Mas é que as cidades demandam isso de mim. De você não? O Rio me ensinou a gostar de jeans e rasteiras, Londres me exigiu botas, muitas botas. É possível sair à noite em Paris sem prender o cabelo e passar batom vermelho? Em Providence eu aprendi a ser uma universitária básica, de keds, camiseta branca, calça jeans e mochila. Ano passado, na Costa Amalfitana, eu só queria sair com vestidos esvoaçantes. Mês que vem prometo que vou usar um fedora pela primeira vez, sem vergonha, linda e imponente em NY. Depois, em LA, assistirei a um pôr do sol de short jeans, bata branca, tênis de skatista e óculos redondinhos.

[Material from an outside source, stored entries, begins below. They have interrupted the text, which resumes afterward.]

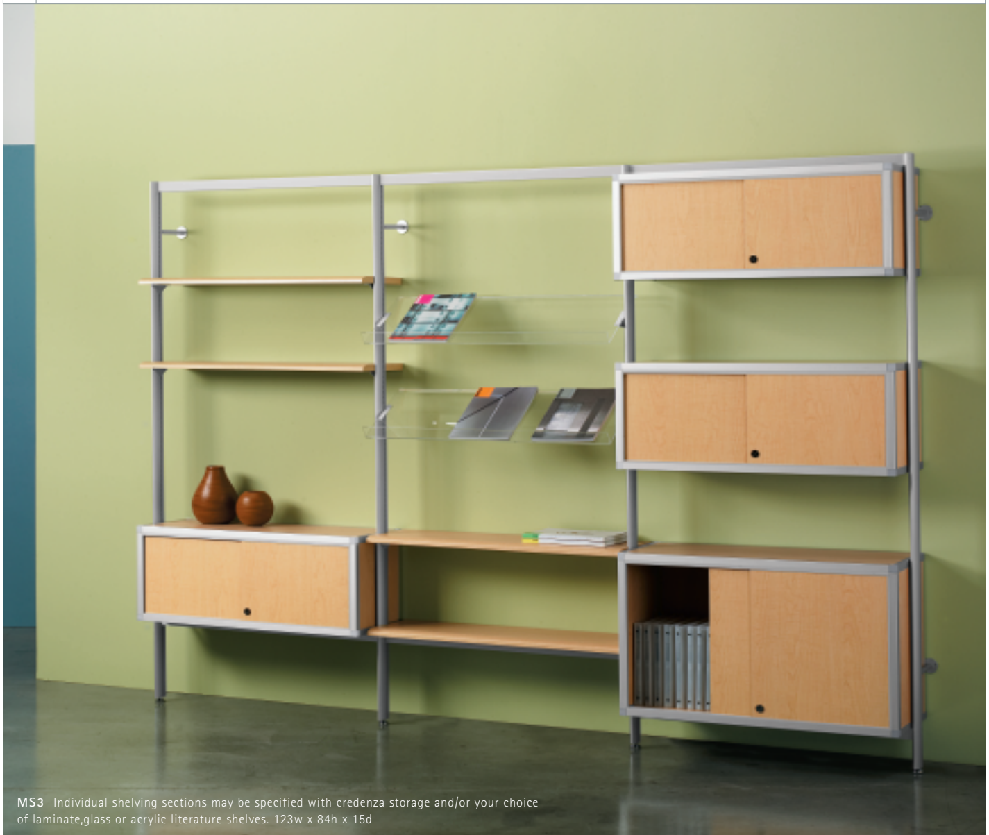
MS3 Individual shelving sections may be specified with credenza storage and/or your choice of laminate, glass or acrylic literature shelves. 123w x 84h x 15d
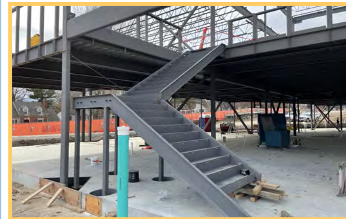
Area C Stairs
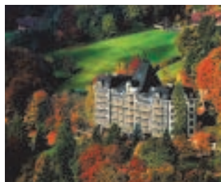
High-end Swiss property development: Du Parc Kempinski in Vaud

"You can't underestimate the stability aspect of Switzerland"
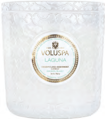
LUXE CANDLE #8133
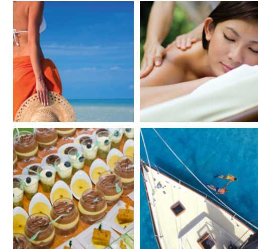
Spa, Romance, Gourmet & Scuba Diving

Reservations: 800.333.3333 Radisson.com/StMartinSpa Radisson.com/StMartinScuba Radisson.com/StMartinRomance Radisson.com/StMartinDine
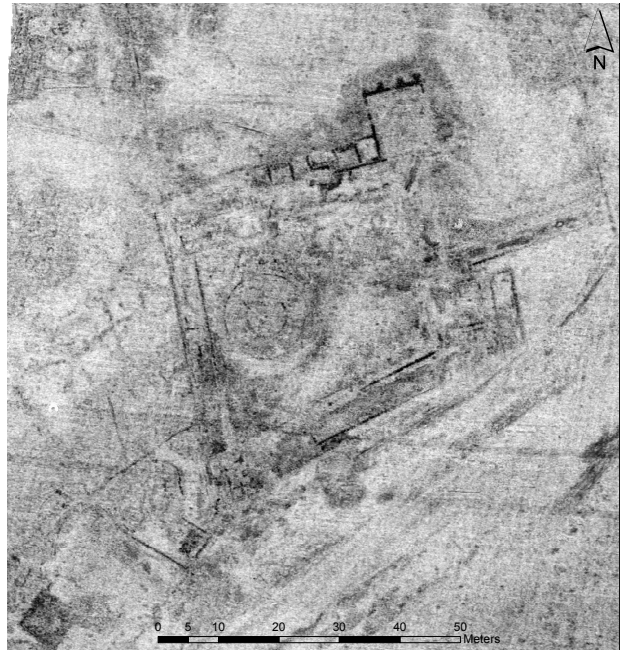
Figure 2: GPR depth-slice of the high-definition GPR data acquired with the MIRA system from ca. 60 cm depth. Note the point-anomaly belonging to the pole that presumably had been placed in the centre of the training arena.

second century AD and was modified many times during later phases, as excavations in 1923–1930 showed. The Roman amphitheatre, hosting up to 13,000 spectators, was credited by contemporary inscriptions to have been the fourth largest amphitheatre in the Roman Empire. It was intensively used for gladiatorial games, as documented and illustrated by many finds. Despite the earlier excavations, the surroundings of the amphitheatre were mostly terra incognita. First indications on significant structures around the amphitheatre came from aerial photographs showing a main Roman road leading towards it from the town, with shops and tabernae towards its eastern side. In the west, however, no structures at all were visible.
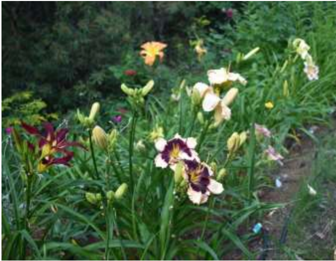
Garden in summer along property edge
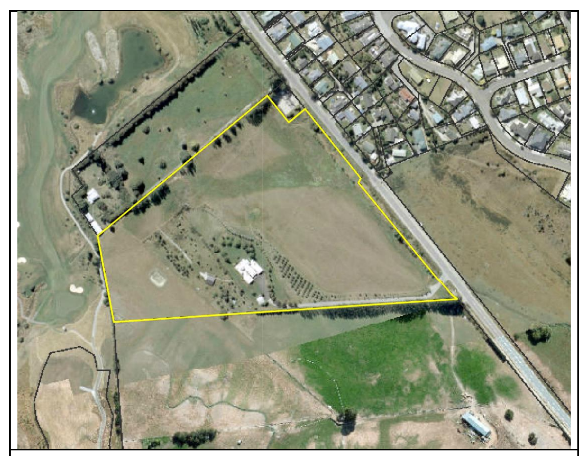
Figure 3: Area showing Banco Trustee & Ors submission
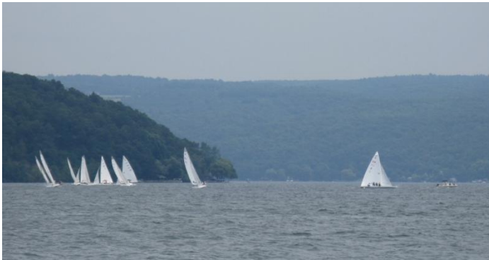
E-Scows off the bluff (File Photo).

On September 6th, the Annual Meeting was held at the KYC. There was a quorum, after several people were forced to abandon their lawn chairs outside. I have not received any official results, but my friends tell me that the proposal to reinstate the “social membership” category was approved. The proposal to eliminate free membership for some board members was also passed.

Em cada uma dessas ocasiões estarei fantasiando um futuro diferente, sonhando com um amor diferente, mudando o final do livro que eu não termino de escrever nunca. Talvez eu sofra um pouco com esse excesso de espelhos, de caminhos e identidades possíveis. Estou aqui enumerando todas as ocasiões em que o espelho é considerado uma ferramenta fatal: Narciso morreu encantado com seu reflexo, Medusa virou pedra, o peixe Beta bate a cabeça no aquário até morrer se for confrontado com a própria imagem. O Espelho de Osejed (estou citando Harry Potter, lidem com isso), que reflete os seus desejos mais profundos, acaba invariavelmente te viciando, te deprimindo ou te enlouquecendo.

Ainda assim, Eleanor está certa: vivemos numa era de espelhos, de duplos. E, apesar de todas as tentações e armadilhas, nunca fomos tão livres pra viver nossos personagens.